• Provided records:
====

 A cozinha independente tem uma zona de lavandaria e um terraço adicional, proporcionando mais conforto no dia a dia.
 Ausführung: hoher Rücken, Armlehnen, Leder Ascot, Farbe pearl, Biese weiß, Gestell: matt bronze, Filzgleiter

====

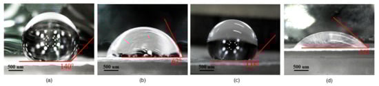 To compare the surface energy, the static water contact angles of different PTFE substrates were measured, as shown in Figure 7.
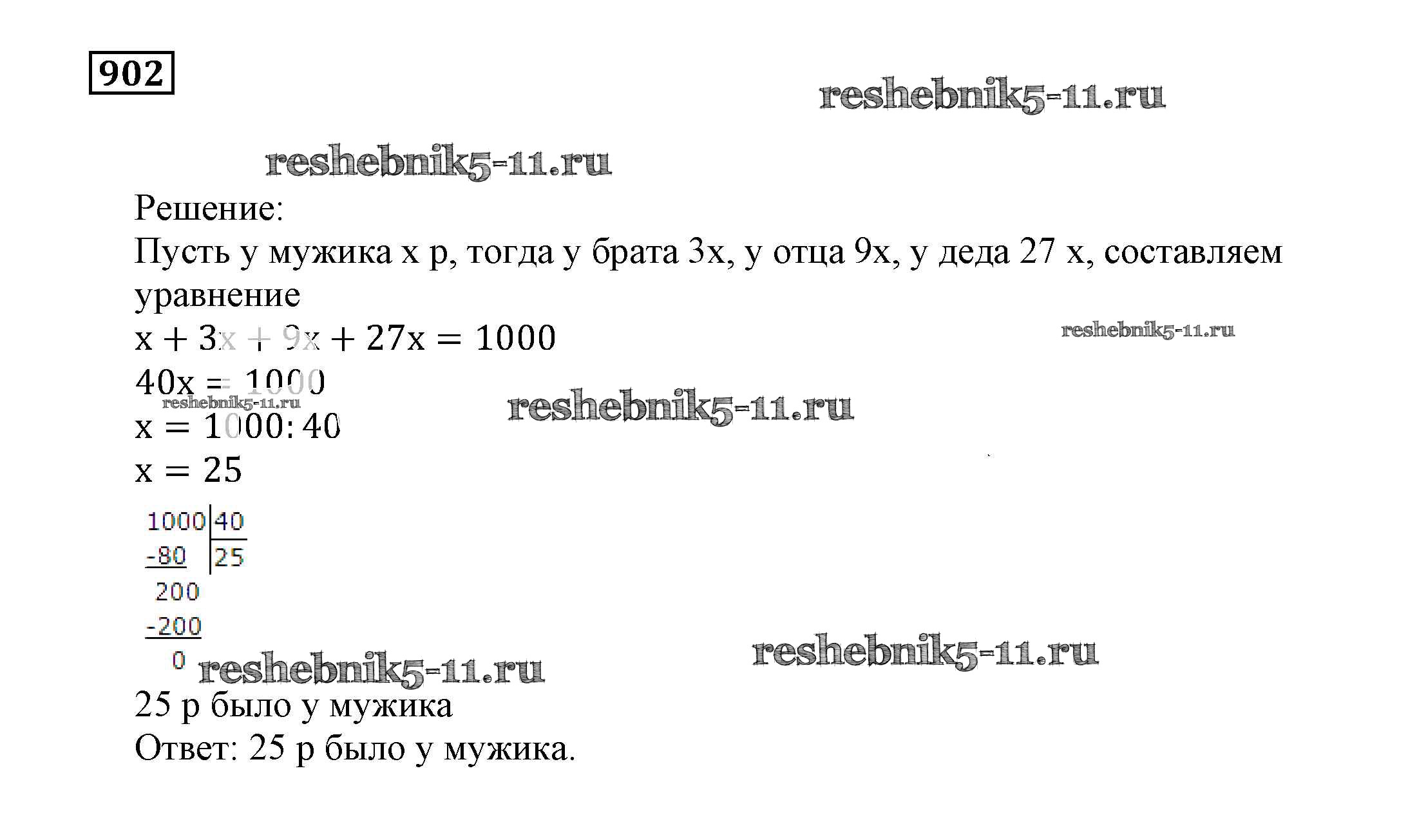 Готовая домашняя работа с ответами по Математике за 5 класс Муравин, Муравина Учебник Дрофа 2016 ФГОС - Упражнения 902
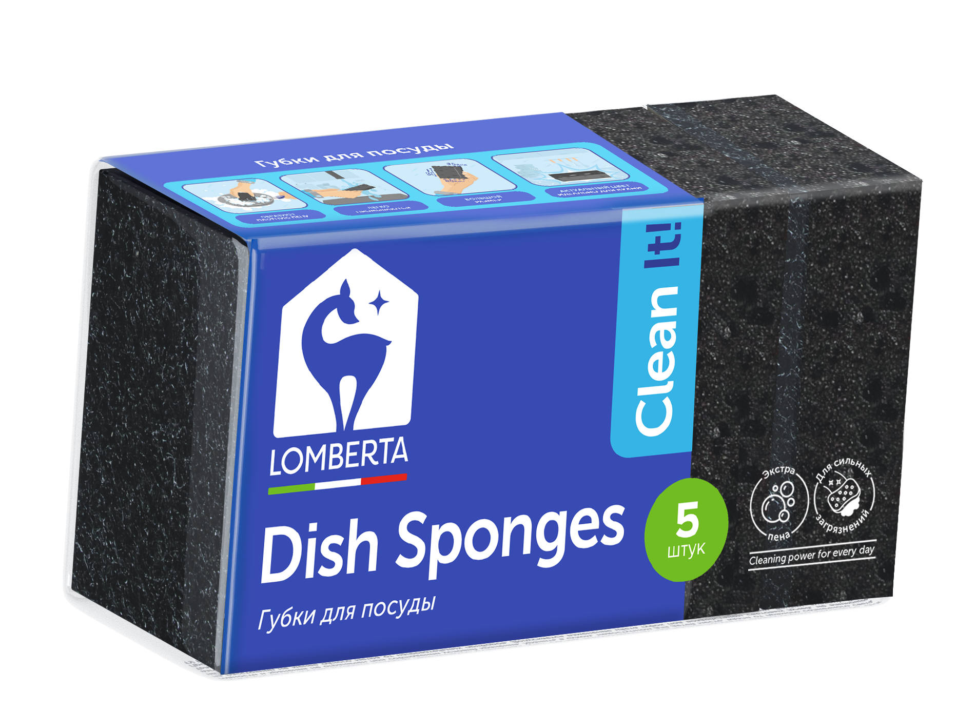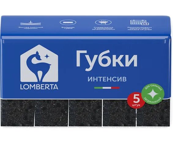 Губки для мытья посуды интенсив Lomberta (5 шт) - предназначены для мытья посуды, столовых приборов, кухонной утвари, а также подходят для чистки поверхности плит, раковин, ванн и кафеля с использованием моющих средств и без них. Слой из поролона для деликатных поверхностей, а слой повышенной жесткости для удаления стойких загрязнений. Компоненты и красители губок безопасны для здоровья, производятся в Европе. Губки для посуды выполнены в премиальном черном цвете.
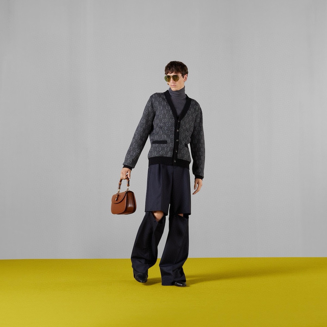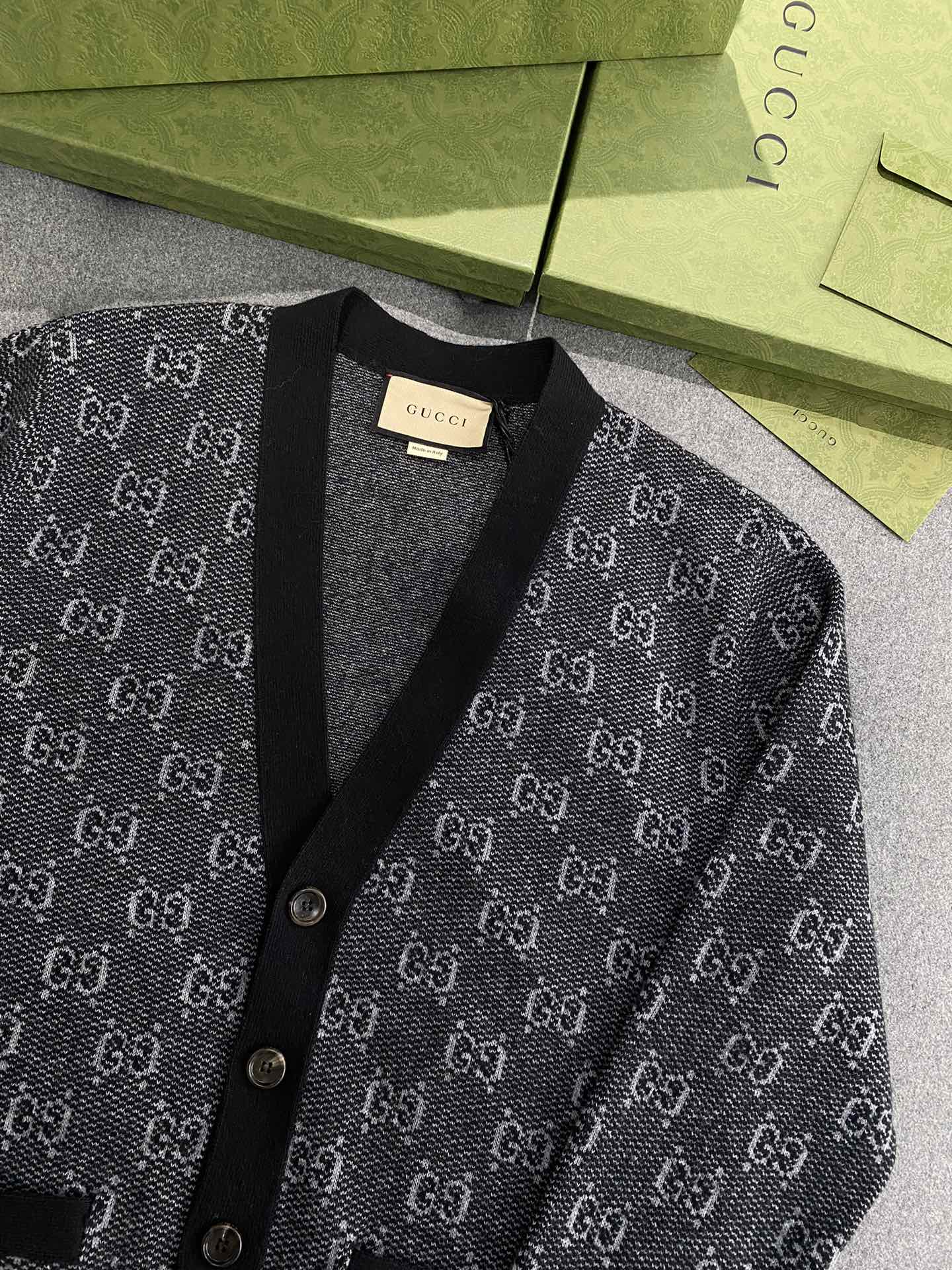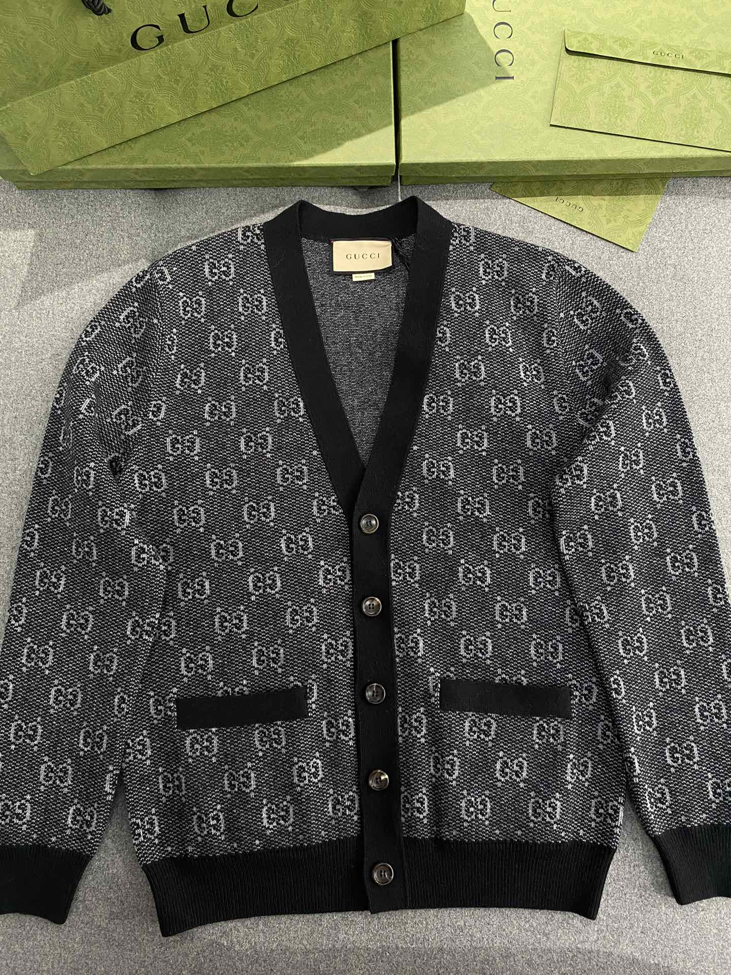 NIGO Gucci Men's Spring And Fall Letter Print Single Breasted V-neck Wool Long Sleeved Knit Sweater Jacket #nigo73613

====

Once the line with "Губки для мытья" is found above, print it and every line after it through the line with "NIGO Gucci Men's", exactly. Pictures stay out.

 Губки для мытья посуды интенсив Lomberta (5 шт) - предназначены для мытья посуды, столовых приборов, кухонной утвари, а также подходят для чистки поверхности плит, раковин, ванн и кафеля с использованием моющих средств и без них. Слой из поролона для деликатных поверхностей, а слой повышенной жесткости для удаления стойких загрязнений. Компоненты и красители губок безопасны для здоровья, производятся в Европе. Губки для посуды выполнены в премиальном черном цвете.
 NIGO Gucci Men's Spring And Fall Letter Print Single Breasted V-neck Wool Long Sleeved Knit Sweater Jacket #nigo73613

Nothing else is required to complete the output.